The Helsinki Metropolitan Area Council (, ) was a co-operation agency operating in the Helsinki Metropolitan Area, now replaced by HSL and HSY. The organisation had a few responsibilities, most notably regional public transport and waste management. It was subordinated to the city councils of the four participating cities (Helsinki, Vantaa, Espoo and Kauniainen). Furthermore, transport cooperation also included neighboring municipalities of Kerava and Kirkkonummi.

Economy
The Metropolitan Council used €155.6 million in 2002 and its income was €160.3 million. Traffic and waste management make up 97% of its expenditure. About 70% of the income consisted of customer fees for public transport and waste management.

Transportation management

The Metropolitan Council grouped together different Public Transportation companies operating in the Metropolitan area, such as HKL, operator of the metro, Suomenlinna ferry service and bus services within the Helsinki region, and published a timetable of all public transport quarterly, and provided a public transport route planner service on the Internet.
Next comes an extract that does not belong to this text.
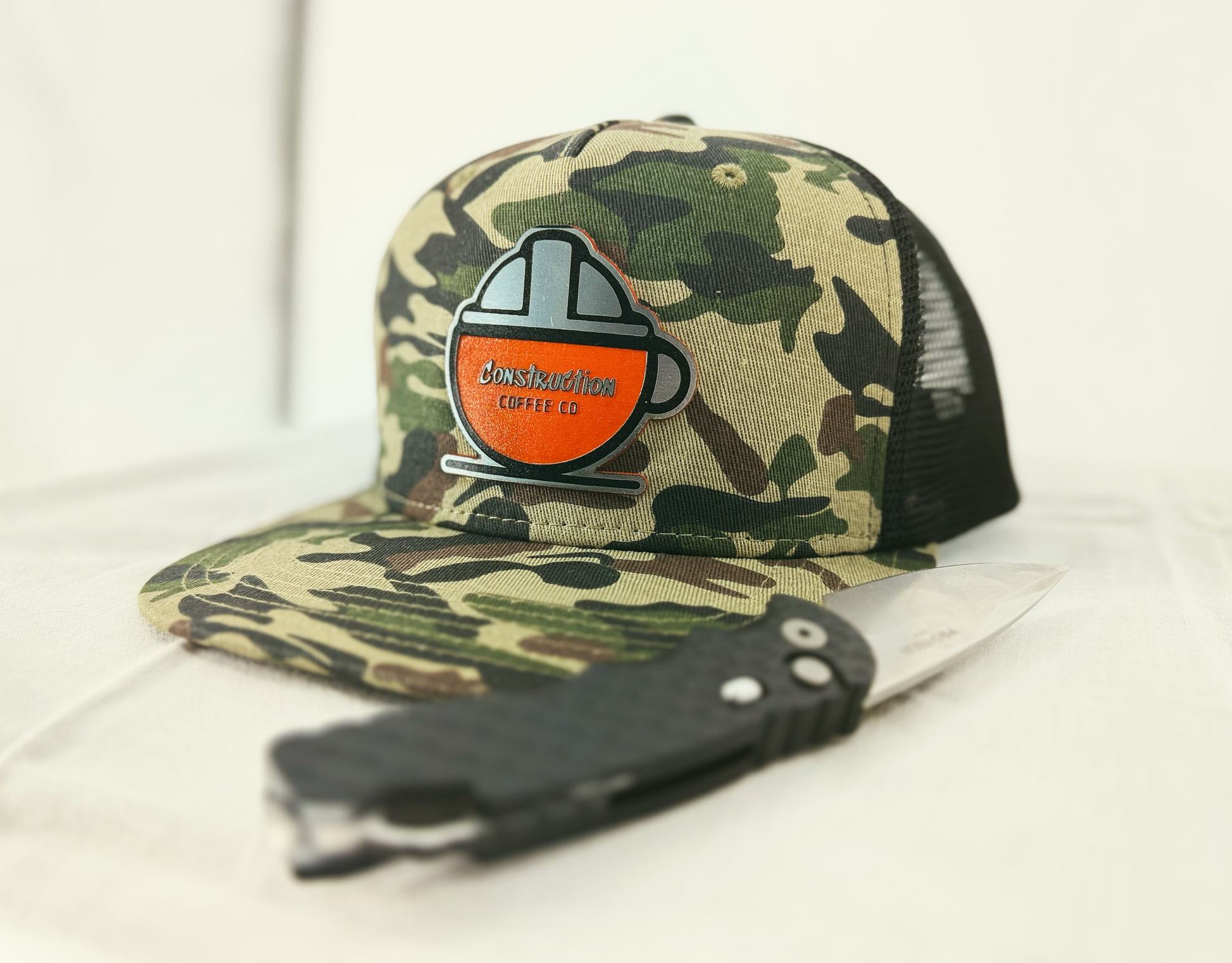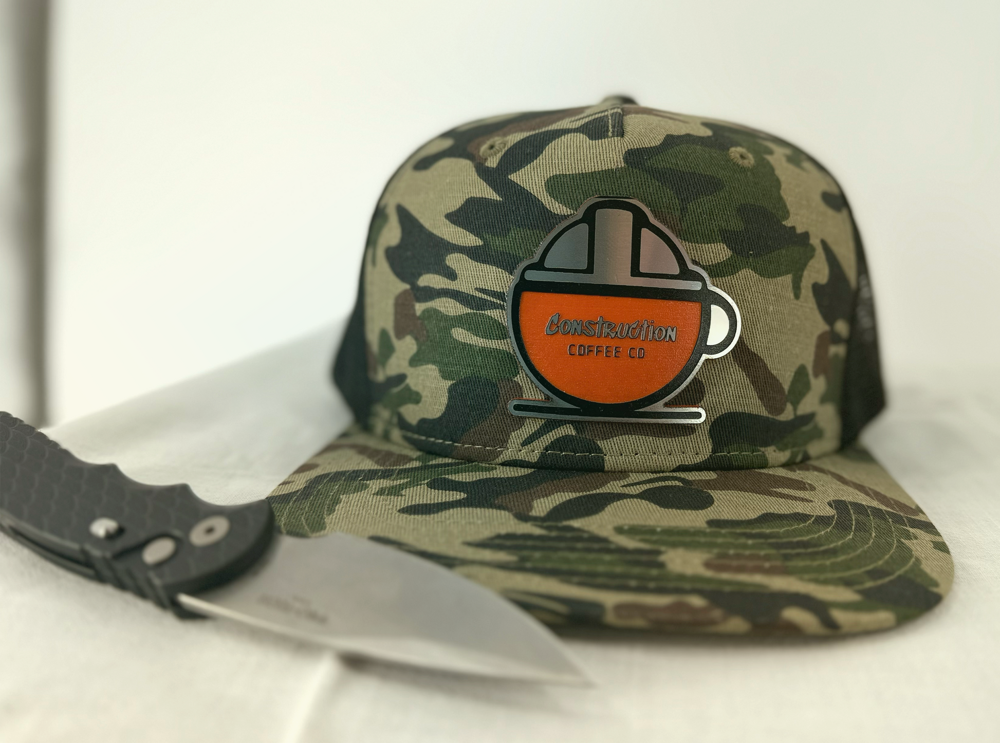 This flat bill features our iconic Hard Hat Mug logo in a clean-cut Acrylic patch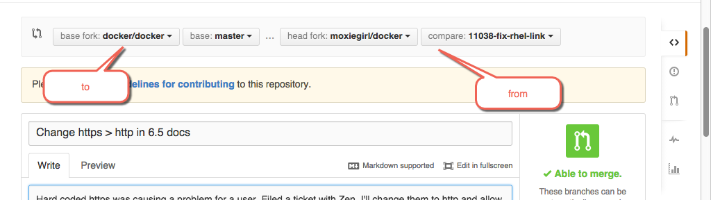 | Basic workflow for Docker contributions | contribute, pull request, review, workflow, beginner, squash, commit | Create a pull request (PR) |

It also ran ticketing and prices, fixing prices at the same level for all public transportation, irrespective of method or transportation company. These services are now (since January 1, 2010) provided by Helsingin seudun liikenne.

Most tickets were bought using the electronic travel cards, a smart card service run by Buscom. These travel cards supported two types of payment for trips:

If the same travel card was loaded with both value and period, period took priority when applicable to the current zone. If the period ran out, or the passenger travelled to a zone where the period was not applicable, value was used instead.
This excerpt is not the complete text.